ただ、どのような連携不足だったのかは語られていないため、ファンには正確なところを知ることはできない。だがこの場面での連携不足として考えられることは、俊足の若林選手に対し「グリーンライト」という、走れそうならいつでも走って良いですよというサインがまず出されていたことだ。それによって若林選手はまず二盗を成功させた。

そしてここで阿部コーチとの連携ミスが発生するわけだが、恐らく若林選手は「無条件のグリーンライト」だと受け取っており、阿部コーチは「二盗まではグリーンライト」という指示を出していたつもりだったのではないだろうか。最も考え得るこの場面における連携ミスと言えば、そのようなことだと思う。

若林選手ら野手陣と、阿部・赤田両走塁コーチとの間ではすでに前日までに、戦術面でのミーティングが行われていた。前日にミーティングが行われていたにも関わらずその翌日に連携ミスが発生したわけだが、この場合三盗を失敗した若林選手を責めたくもなるが、実際には責を負わなければならないのは阿部・赤田両走塁コーチだ。

戦略や戦術というのは、監督コーチはミスが起こる前提で策定し、実施して行かなければならない。そう考えるとすでにミーティングの段階で阿部・赤田両コーチは、しっかりと理解し切っていない選手もいる、という前提で考えていかなければならないのだ。

そして走塁面で戦術を理解し切っていないと本当に困ってしまうのは、盗塁やグリーンライトのサインが出される俊足選手たちだ。若林選手を筆頭に、金子侑司選手外崎修汰選手源田壮亮主将、高松渡選手らがそうだ。走塁コーチは盗塁のサインが出されるであろう俊足選手に対しては、二度三度と違う方面から戦術を正しく理解しているかを確認しなければならない。それがコーチの義務だ。

1分40秒/若林選手の盗塁失敗シーン

良く言えば冷静沈着、悪く言えばファイティングポーズを見せない松井稼頭央監督

スポーツニュースやSNSでは若林選手の三盗が無謀で無策だったと言われることも多かったわけだが、若林選手としてはグリーンライトであると理解していたと思われ、松井稼頭央監督が掲げる走魂というスローガンも踏まえ、さらには自分は走塁面でも大きな期待を持たれているというプレッシャーを感じながら、チームが極度の得点力不足の中、少しでも得点できる可能性を高めようと積極果敢に攻めた結果だった。

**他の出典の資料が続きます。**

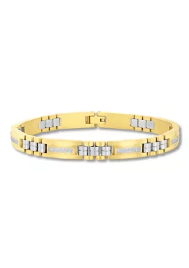 Mens 18K Yellow Gold & Stainless Steel Diamond-Accent Band
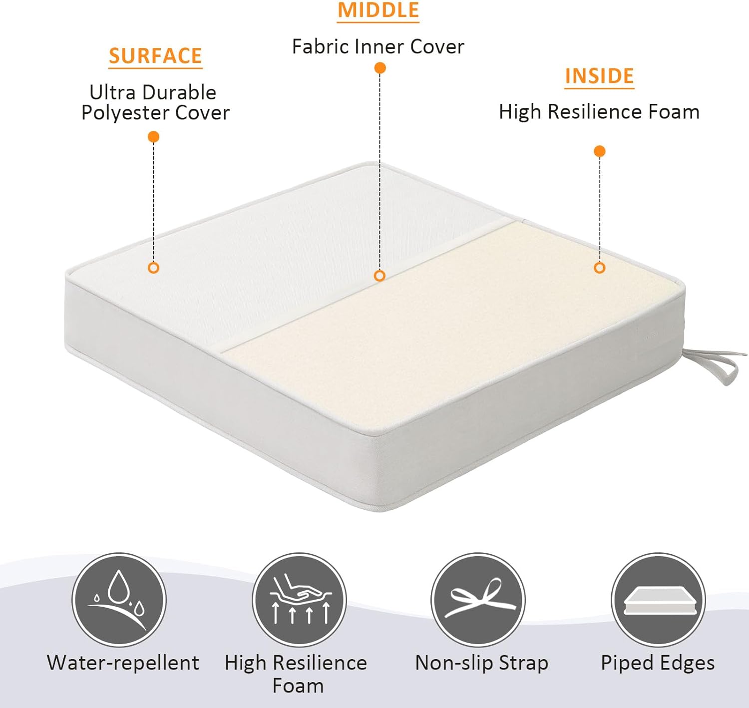 - 【Non-slip Ties and Piped Edge】 The two non-slip ties can be fastened to your furniture to keep the outdoor cushion in place. Some seams are finished with piping, which reinforces the edges and makes the outdoor furniture cushion more stylish.
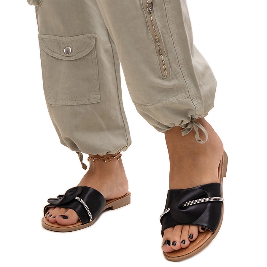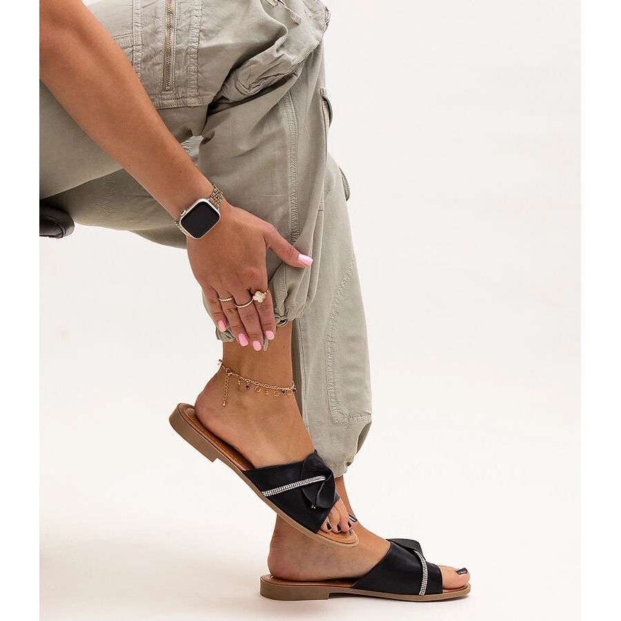 Treffen Sie die Flip -Flops mit einem Gürtel mit Amarari -Zirkonen in einer eleganten schwarzen Farbe. Es ist die perfekte Wahl für heiße Sommertage und kombiniert modisches Design und Komfort des Tragens. Dank des runden Zehs und der eingefügten Struktur mit Gummistreifen wird das Anziehen und Abnehmen der Klappen extrem einfach.
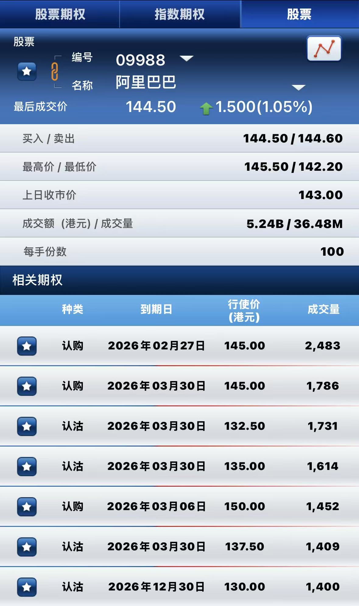 阿里巴巴-W涨超1%,半日成交超4.3万张合约,其中于2月27日到期行权价145港元的认购期权成交量居前,成交超2400张合约。 $ALB.HK 20260227 145.00 CALL$
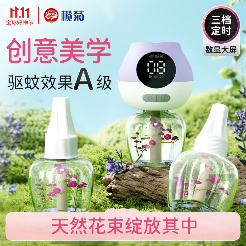 榄菊花艺电蚊香液45mL*3瓶+智能定时器 电蚊香驱蚊液防蚊电热蚊香液
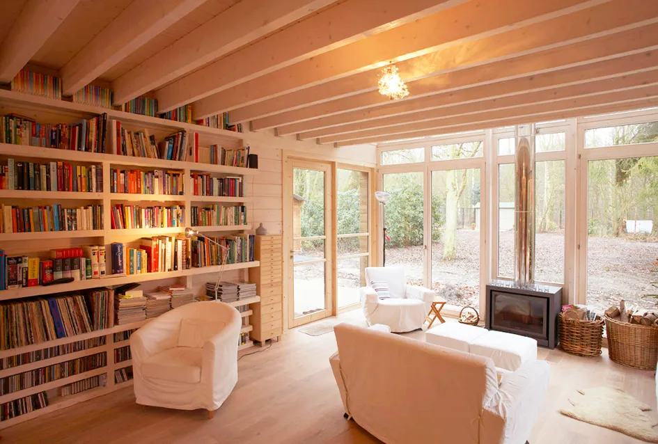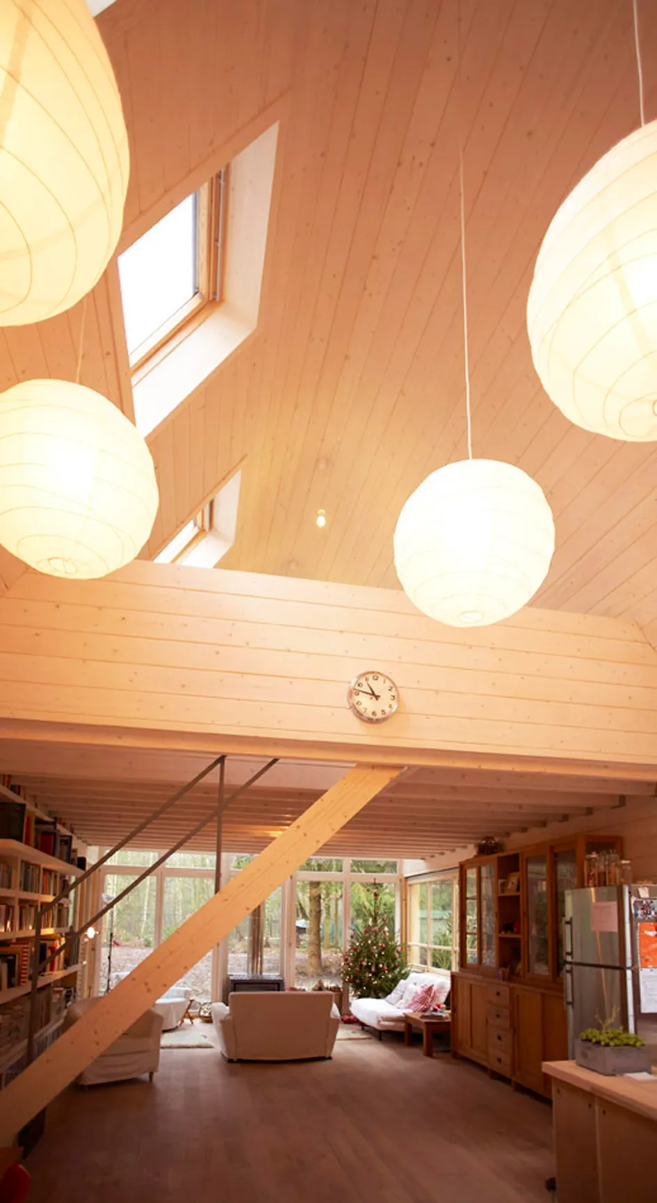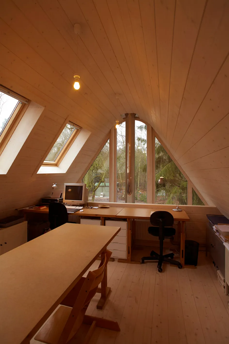 Er wordt gewoond tussen de bomen op het gelijkvloers en gewerkt in de kruinen op de verdieping. Alles is compact gehouden met slimme opbergmogelijkheden. Het open plan zorgt ervoor dat de woning groter aanvoelt dan ze eigenlijk is.
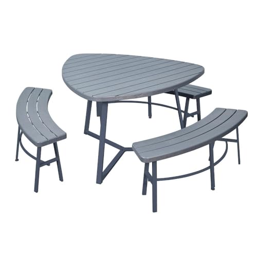 ミニマルガーデンテーブル4点セットは、スタイリッシュなグレー色で、コンパクトなデザインが特長。耐候性に優れ、屋外でも使用可能。クッション付きの椅子で快適な座り心地を提供します。

若林選手自身もこの場面は「やるなら決めなきゃいけない」と反省のコメントを残しているわけだが、しかしこの場面は松井監督、平石洋介コーチ、阿部真宏三塁コーチのいずれかが明確な形で「三盗はするな」というサインを出さなければならなかった。コーチ陣としては「二死二塁で四番だし、まさか走らないだろう」とでも思っていたのだろうか。だがここで「三盗はするな」のサインを出さなかったのは完全にベンチの失策だったと言える。

筆者も監督兼三塁コーチを務めたことがあるのだが、「盗塁するな」というサインも用意し、走るべきではない場面では走者には走る振りだけをさせていた。実際に走らなくても、走る振りをしているだけでも投手は集中力を削がれるものなのだ。そして上述の若林選手のような場面も、筆者自身監督兼三塁コーチとして経験したことがある。その時には筆者は二塁走者に対し「盗塁するな」というサインを毎球出していた。

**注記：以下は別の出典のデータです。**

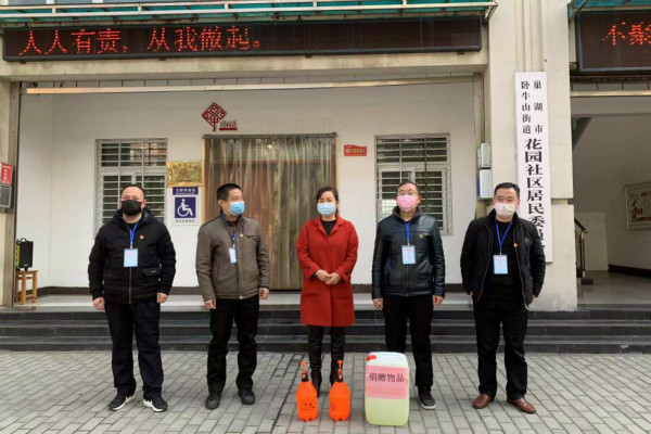 連日來,臥牛山街道花園社區工作人員深入到小區、自然村開展新型冠狀病毒感染的肺炎疫情防控入戶登記排查,在得知社區疫情防控物資消耗很大、非常緊缺的情況后,2020年2月5日上午,非公企業三口人家負責人、巢湖市政協委員孫銀屏女士主動向花園社區捐贈50升消毒液和兩個噴壺。
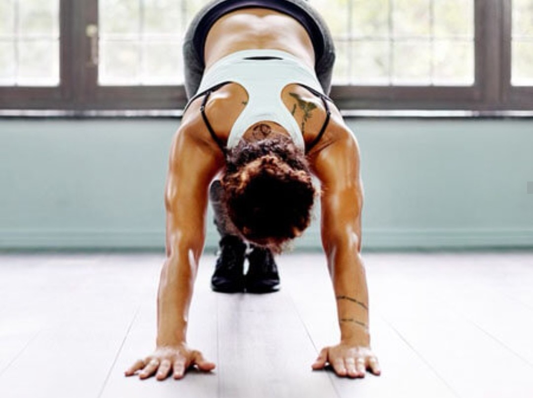 做出伏地挺身的准备动作,然后轮流弯曲双脚,直到膝盖碰到手肘,动作要像在跑步一样快,可以训练到全身肌肉。
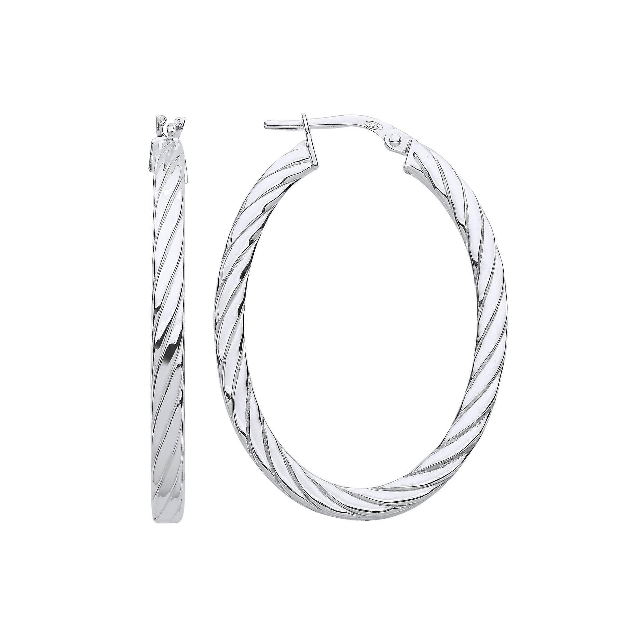 Jewelco London Ladies Rhodium Plated Sterling Silver Square Tube Twisted Oval Hoop Earrings
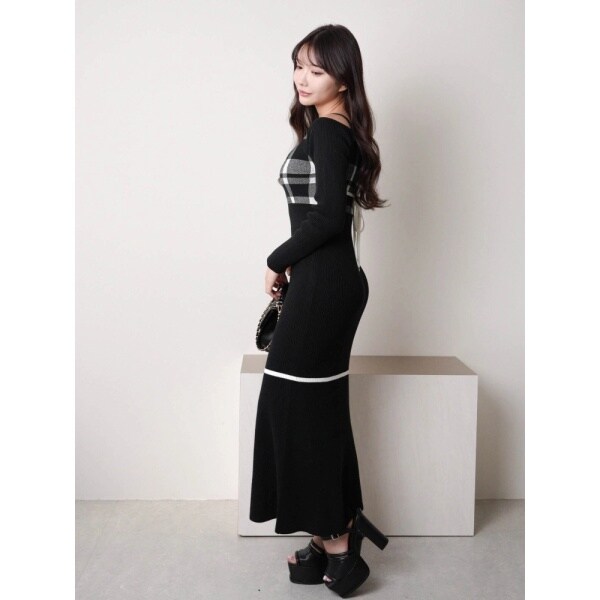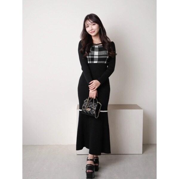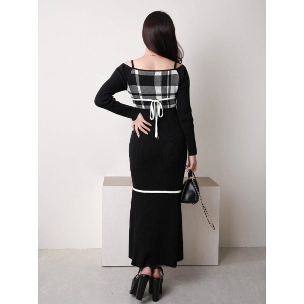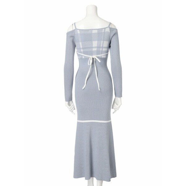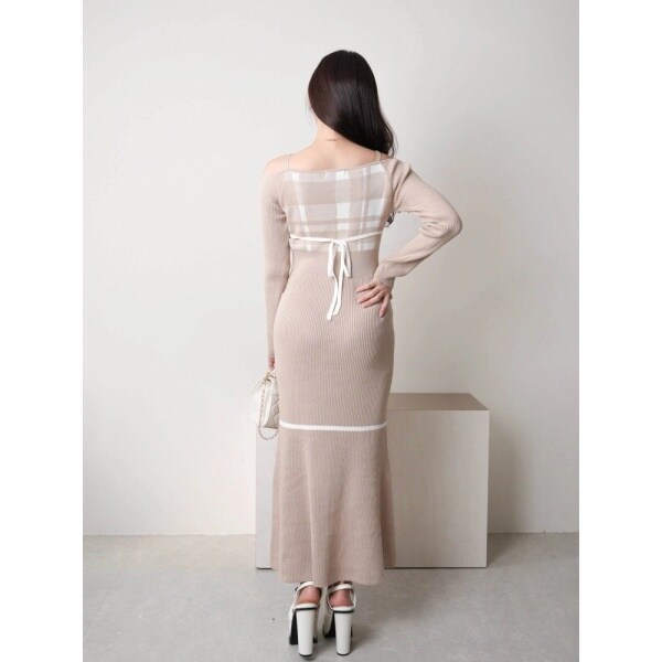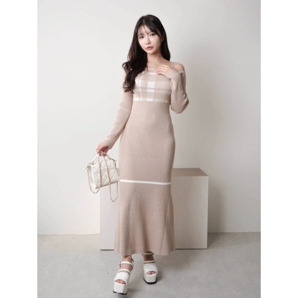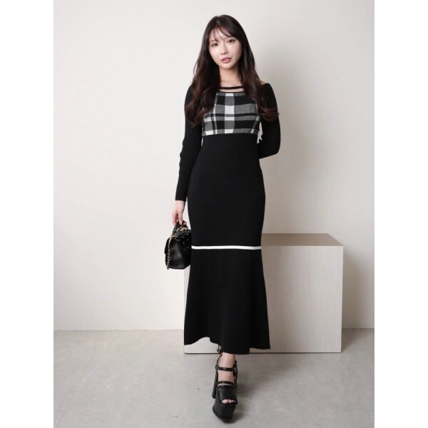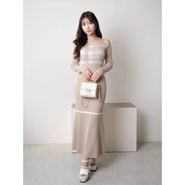 チェックジャガードオフショルマーメイドワンピース

そのサインを理解した走者は盗塁することなく、本気で盗塁してきそうなリードを取ってバッテリーを揺さぶり、投手の集中力を上手く削いでくれた。すると俊足走者に三盗をされるのが嫌なバッテリーの配球はストレート系が自ずと多くなり、打者は的を絞りやすくなり、結果その時は三番打者が二塁打を打ってくれた。

今のライオンズは打線が奮わないだけではなく、このような選手・コーチ間の連携さえも上手く取れていない。だが不思議なのはその連携ミスを知りながらも、松井稼頭央監督が小言一つ言わないことだ。本来であればファンに見せるプロ野球なのだから、松井監督も「あそこは走塁コーチがランナーを走らせないようにしなきゃダメだった」くらいのことを言わなければならない。少なくとも故野村克也監督であればそうボヤいただろう。ましてや星野仙一監督であればベンチを蹴り上げていたかもしれない。

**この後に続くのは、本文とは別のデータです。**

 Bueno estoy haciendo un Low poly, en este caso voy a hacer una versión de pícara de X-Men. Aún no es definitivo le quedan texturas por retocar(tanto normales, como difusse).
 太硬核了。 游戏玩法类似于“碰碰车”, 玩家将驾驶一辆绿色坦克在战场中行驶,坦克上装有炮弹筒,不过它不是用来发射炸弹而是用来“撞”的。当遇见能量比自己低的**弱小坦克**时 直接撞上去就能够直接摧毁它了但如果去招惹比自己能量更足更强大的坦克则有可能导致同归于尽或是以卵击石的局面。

松井監督は良く言えば冷静沈着と言えるし、悪く言えばファイティングポーズを見せない監督だとも言える。勝っていれば前者だと見られるし、現状のように負けている時には後者として見られる。一方首位を走るホークスの小久保監督は、選手のミスに対してもコーチのミスに対してもかなりの厳しさを見せている。

企業コンプライアンスばかり気にして選手に厳しくできなくなってしまった西武球団

今のライオンズには「プロとしての厳しさ」がまったく感じられない。選手たちは恐らく、何度ミスをしてもまた挽回できるチャンスがいくらでもあるという前提でプレーをしているのではないだろうか。特に外野のように確固たるレギュラーがいない現状では、「レギュラーがいないのだからチャンスはまたいつでも巡ってくる」とでも選手たちは心の奥底では考えているのだろう。

だが目の前のチャンスがラストチャンスだという気持ちで挑めない者は、真のレギュラーになることなどできない。残念ながら今のライオンズの若手選手は、ファンにそう思われても仕方ない選手たちばかりだ。渡辺久信監督の頃までは、個を生かす伸び伸び野球の中にもまだ厳しさが感じられていた。

例えば渡辺監督は投手出身監督で、しかも自身が黄金時代のライオンズの絶対的エースだったということもあり、特に当時のエース涌井秀章投手に対しては常に高いレベルを要求し続けた。間違いなく一軍レベルであっても、エースとして不甲斐ないと感じれば、他の一軍投手よりは良いはずなのに二軍で再調整させることも厭わなかったし、エースに対する厳しさはファンにもヒシヒシと伝わってきていた。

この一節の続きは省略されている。